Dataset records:

***

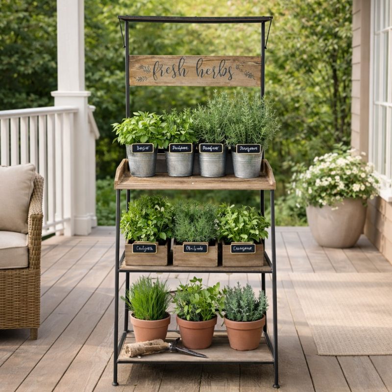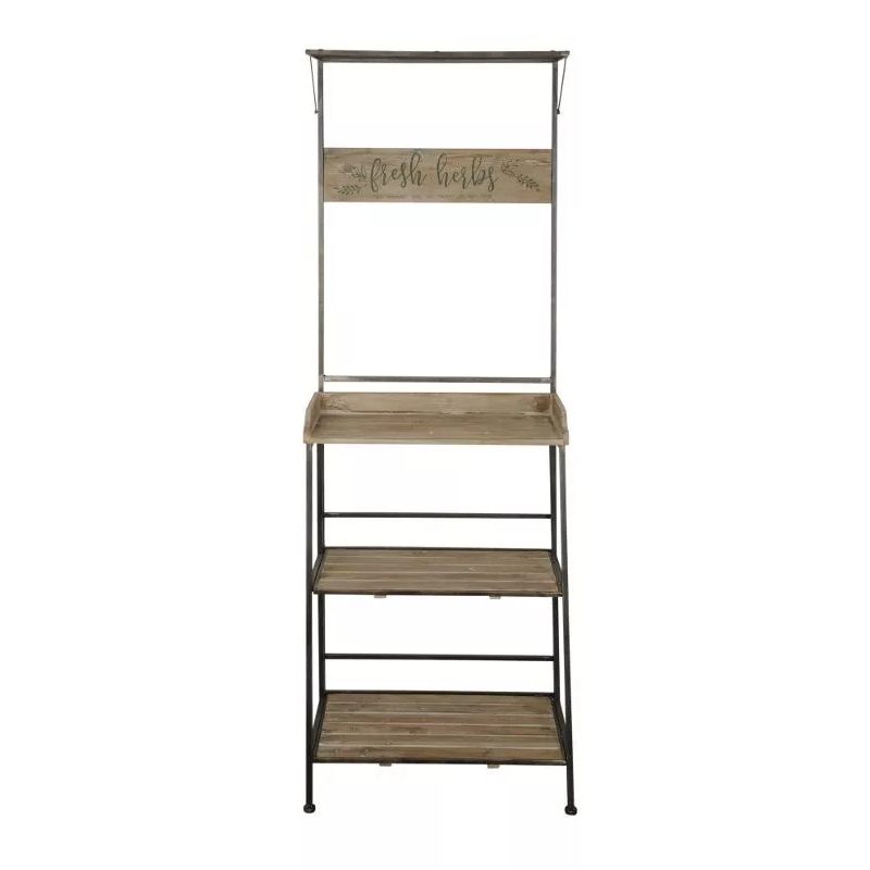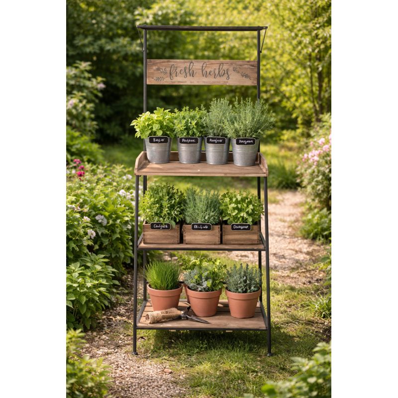 Элегантный стеллаж с тремя вместительными полками и декоративной панелью с надписью "Fresh herbs" станет изюминкой вашего интерьера. Сочетает в себе прочность металлического каркаса и тёплую текстуру состаренного дерева — идеальный баланс для стилей рустик, кантри, прованс, фармхаус или классики.
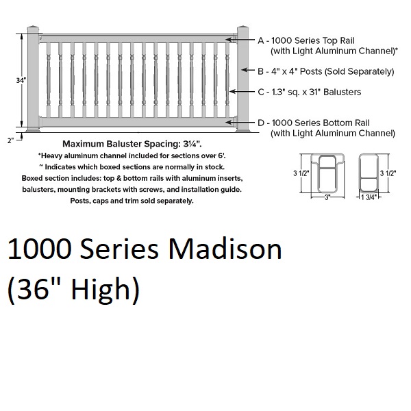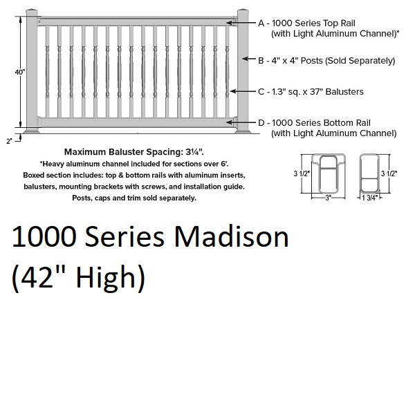 SOP 1000 Series Madison Level Section 3-1/2' x 6' WhiteSOP 1000 Signature Series Madison Level Section 3-1/2' x 6' White MFG: Superior Outdoor ProductsSR1MAL42X6WNon-stock vinyl railings average a 3-4 week lead time. $305.50 / Each Details...
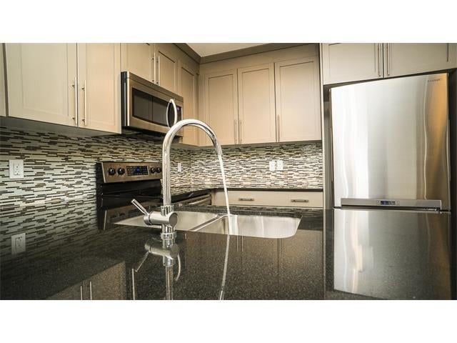 Welcome to this TOP FLOOR, END UNIT! This is a gorgeous complex that has been well maintained. The unit features: open concept kitchen with extended wood cabinets, S/S appliances package, gorgeous backsplash and elegant granite countertops. Premium cork floors in kitchen and in the living room, upgraded carpet in the bedroom. Bathroom features soaker tub, linen closet. Bedroom offers a large walk-in closet and the whole unit offers 4"baseboards with neutral paint colors. The spacious private balcony is great for enjoyment, and has a GASLINE for BBQ. This unit comes with in-suite front load laundry, large closets. The titled parking stall is viewable from the unit and right in front of building entrance! There is ample visitor parking, which is also wheelchair accessible. The common areas are clean with spacious hallways. This is a great place to call home or great rental property.
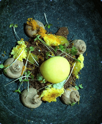 Ambar does not treat dessert as an afterthought. They have a pastry chef who trained in kitchens throughout Europe. The most unusual dessert is the Forest Gnocchi. Dazzlingly presented in an earthenware bowl that weighs as much as a bocce ball, its separate components consist of chocolate mousse, bitter orange cake, ground chocolate, orange gelee, tarragon gnocchi, and passion fruit espuma. The unusual dessert, pretty as a medieval garden, is then stirred up with black tea sauce.
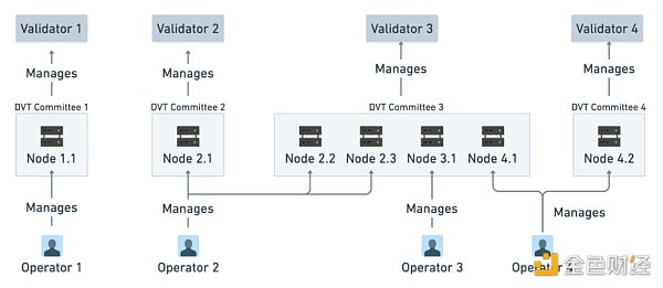 表面上看,SSV 提供了稳健的、去中心化的进入以太坊质押(Staking)生态系统的途径。再深入一点,SSV 是一个复杂的、配有共识层的多签钱包,SSV 在信标链节点和验证者客户端之间充当缓冲器的作用。
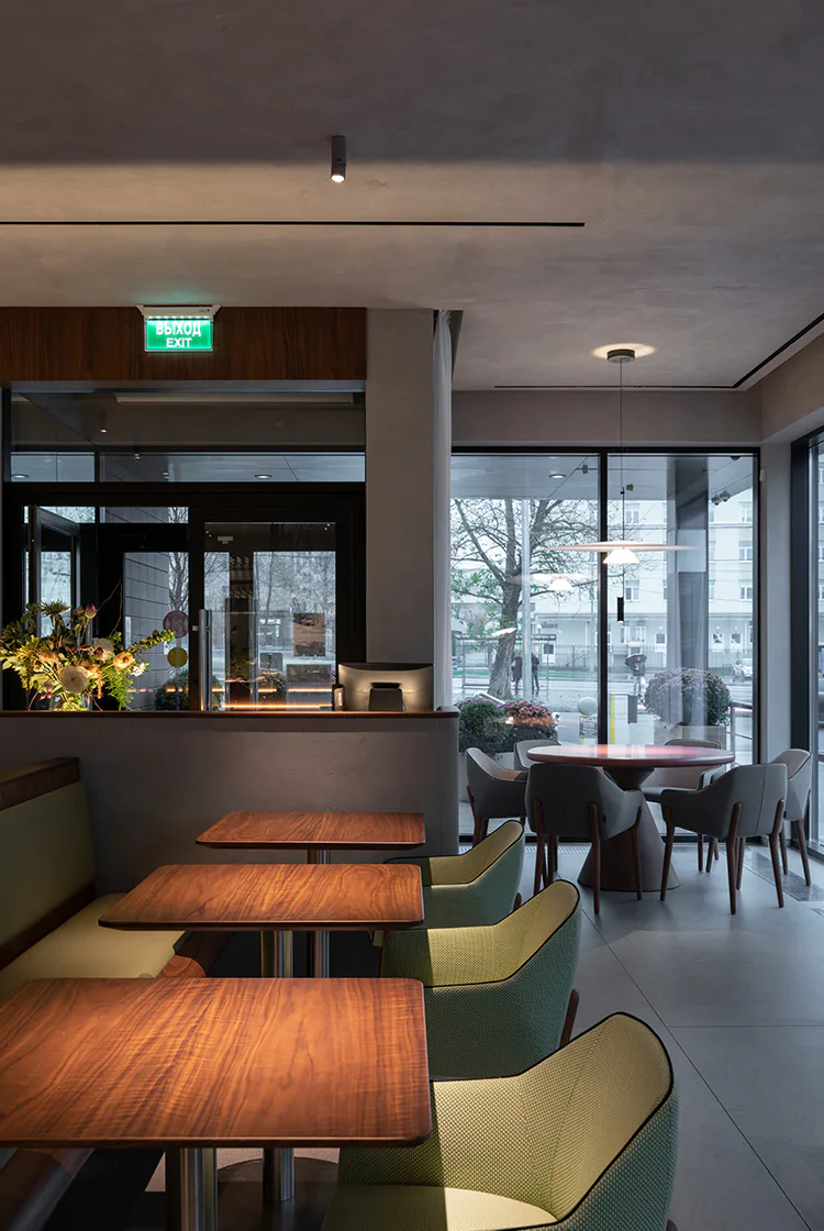 В течение дня основное освещение создается окнами по периметру, а с помощью кастомных светильников MINI FOCUS сформированы деликатные акценты на столах на фоне равномерного общего освещения, сохраняя непринужденную атмосферу заведения без излишней камерности как в дневное, так и в вечернее время.

***

### TASK STATEMENT
Write out nothing but the lines from the start of the data through the line with "SOP 1000 Series". Leave out the pictures.

### RESULT OF THE EXERCISE
 Элегантный стеллаж с тремя вместительными полками и декоративной панелью с надписью "Fresh herbs" станет изюминкой вашего интерьера. Сочетает в себе прочность металлического каркаса и тёплую текстуру состаренного дерева — идеальный баланс для стилей рустик, кантри, прованс, фармхаус или классики.
 SOP 1000 Series Madison Level Section 3-1/2' x 6' WhiteSOP 1000 Signature Series Madison Level Section 3-1/2' x 6' White MFG: Superior Outdoor ProductsSR1MAL42X6WNon-stock vinyl railings average a 3-4 week lead time. $305.50 / Each Details...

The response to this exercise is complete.